The main issues behind a SYN/ACK amplification (and TCP-based packet floods in general) are:

  1. This kind of a DDoS attack is almost untraceable due to low adoption of counter-spoofing approaches (such as BCP 38). As those approaches are assumed to require a substantial redesign of a network under certain circumstances, collaterally breaking things that are more important for a network, the adoption of those approaches is expected to stay low in the foreseeable future unless the IETF comes up with a different robust anti-spoofing design;
  2. An ISP’s or a datacenter’s ability to handle this kind of a DDoS attack with BGP Flow Spec (or similar techniques) depends on what particular sort of equipment is deployed in their network;
  3. For a considerable part of customers, the ability to connect to an external service or an API gateway via TCP is crucial.
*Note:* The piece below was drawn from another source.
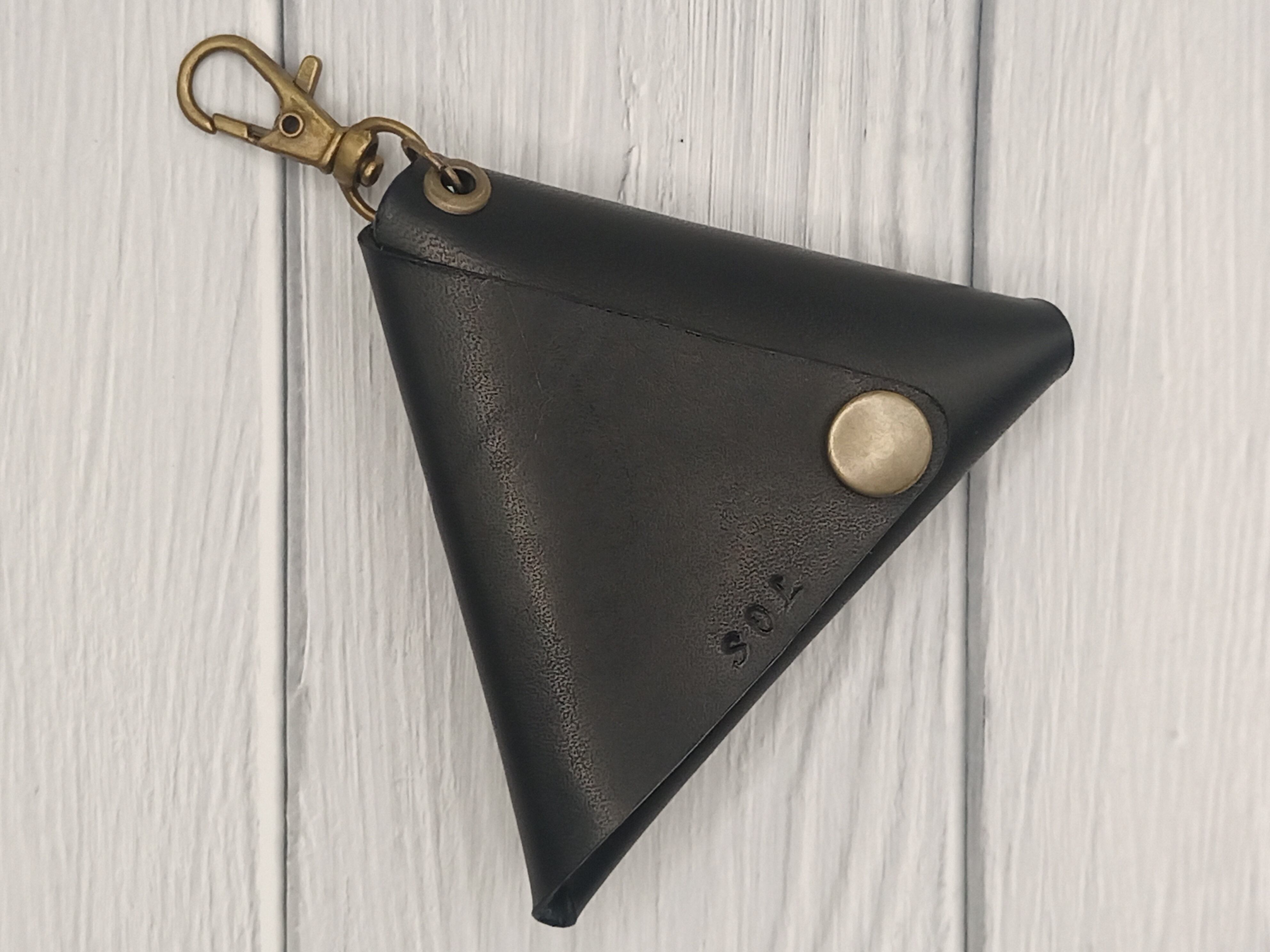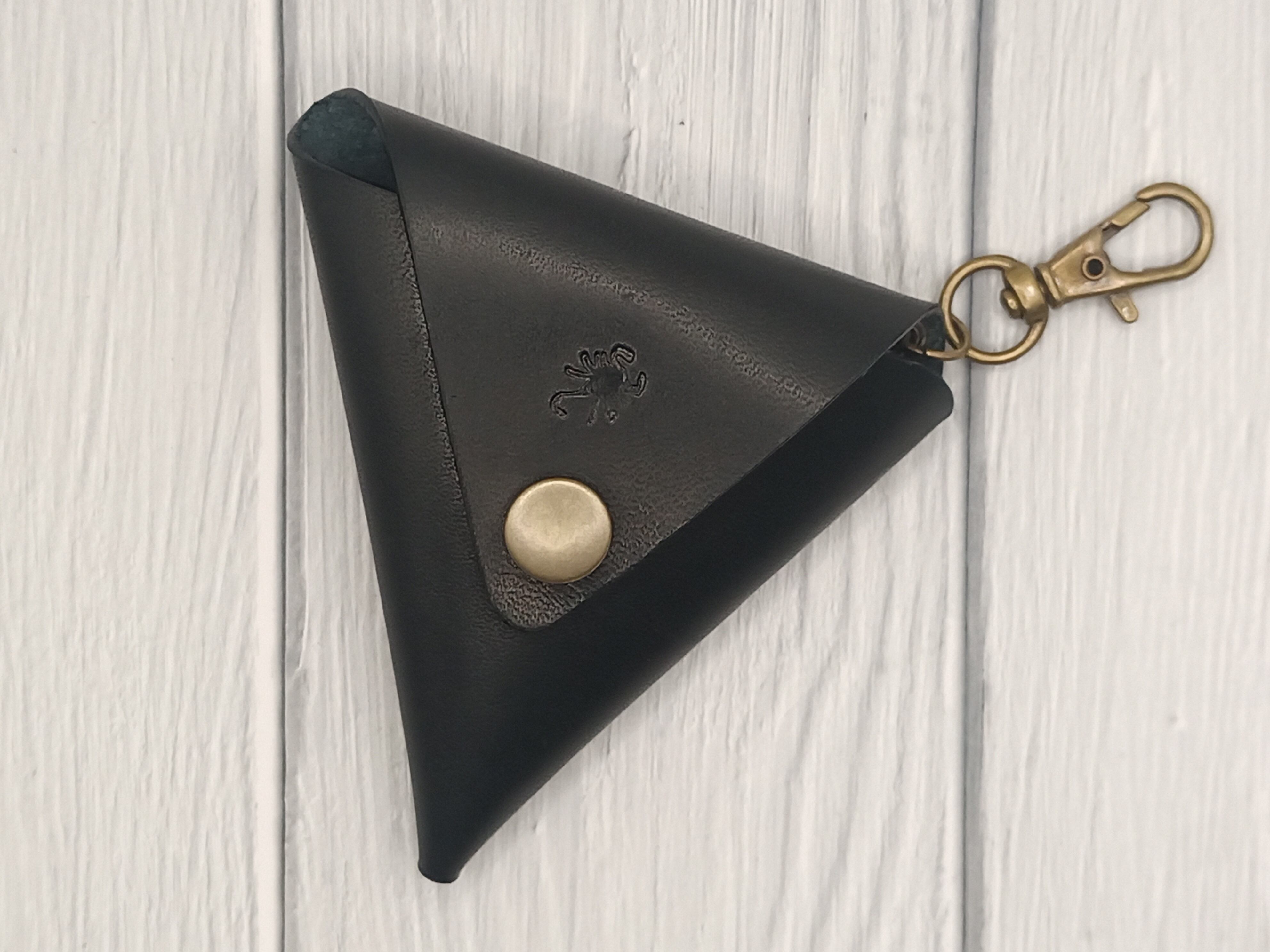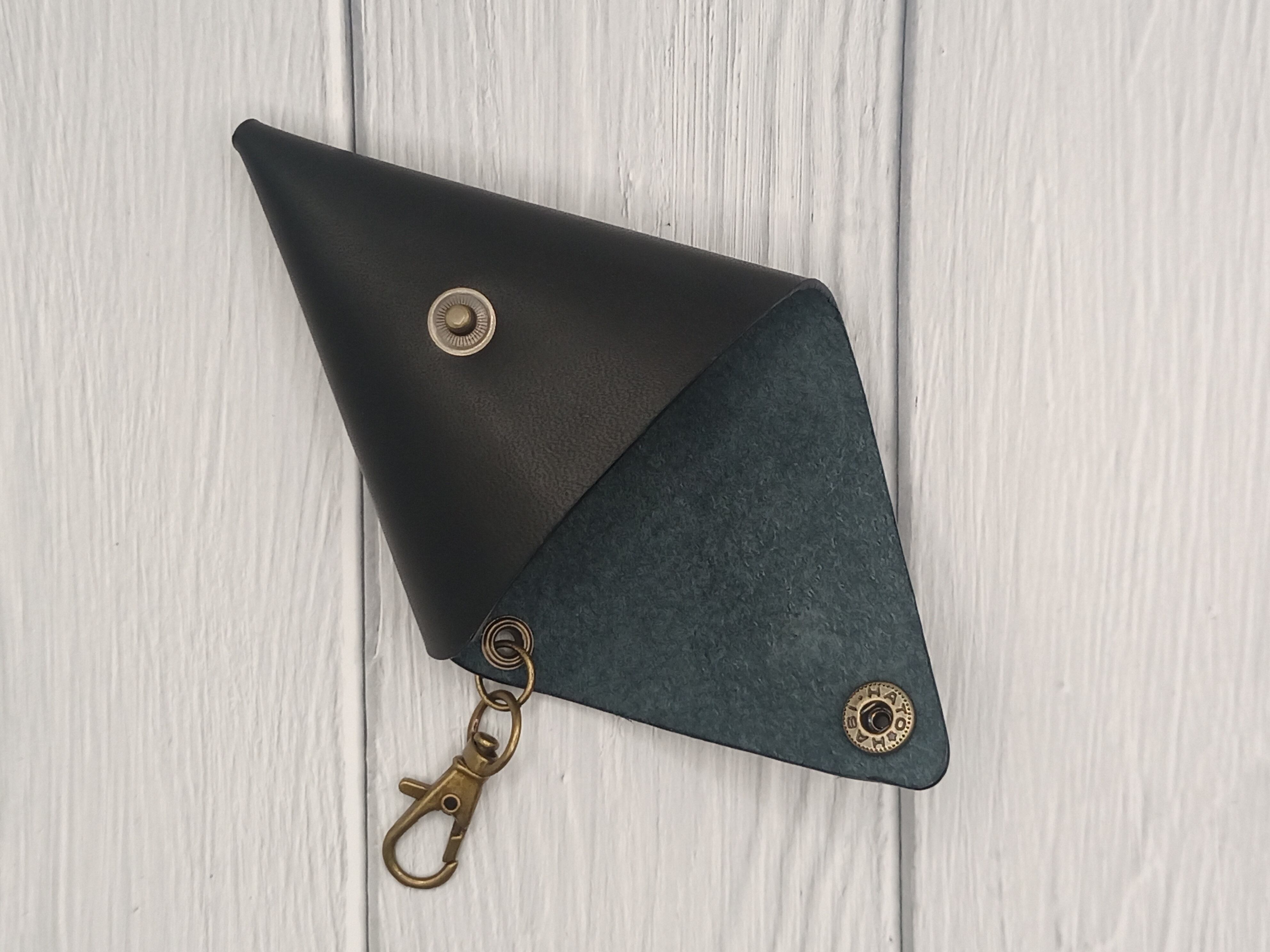 コインやイヤホンなどの小物入れにピッタリ。ナスカン付きで、ぶら下げて持ち歩く事ができます。スナップ式なのでお手入れの際に広げることも可能です。管理人も愛用中。

Web crawlers, technologies like OAuth or CDN, or enterprises such as credit scoring systems or insurance companies depend greatly on external databases (or data sources in general);
  4. To ensure proper handling of spoofed SYN/ACKs while still maintaining a possibility to connect to an external service, a hosting company under attack would have to track all of the outgoing SYNs to match them against received SYN/ACKs later.

    The latter could be done in different ways, each is considered either complicated to design and deploy, or having a severe impact on network latency and RTT, or both;
  5. The amplification factor for SYN/ACK amplification absent of relatively rare corner-cases is assumed to be between 1x and 5x. That is not a significant figure if compared to NTP’s 500+ or Memcached’ 9000+. However, taking into account the rest of the issues and complicated mitigation measures, five times the DDoS packet rate might be a turning point.